Deriving the Least Square Solution of Polynomial Regression

When a system of linear equations admits no exact solution, the Moore–Penrose pseudoinverse provides a canonical “best-fit” solution. In data science this is applied for the closed form solution of polynomial regression. It can be shown quite neatly how the pseudoinverse can be derived from — and is equivalent to — the problem of minimizing the least square error function over feature transformations of the model inputs. In the following, I will give a step-by-step transformation of the derivative of the general error function to the Moore–Penrose pseudoinverse.

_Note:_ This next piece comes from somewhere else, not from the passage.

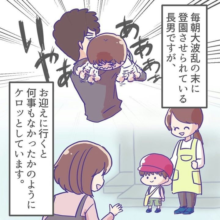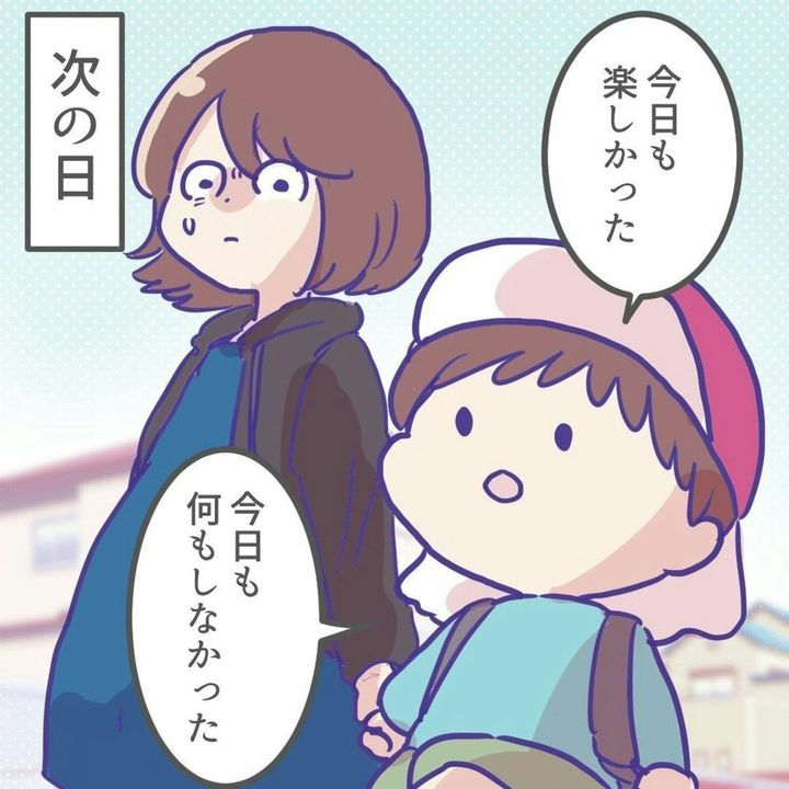 毎朝激しい登園拒否をするものの、降園時には「楽しかったと」話す息子。しかし、母親が園で何をしたのかと聞いても、「何もしなかった」と答えるばかりです。

Imagine we have a dataset \(X = [x_0, …,x_n]\) and targets \(t = [t_0, …, t_n]\) where \(t_n\) is the known target value for the datapoint \(x_n\). Our goal is to fit a non-linear, polynomial curve $$y(x) = w_0 + w_1 x^1 + … + w_m x^m$$ to the target values where \(y(x_n)\) is an estimator of the target \(t_n\) and \(w = [w_0, w_1, …, w_m]\) are weight coefficients that determine the slope of the curve, and thereby the model.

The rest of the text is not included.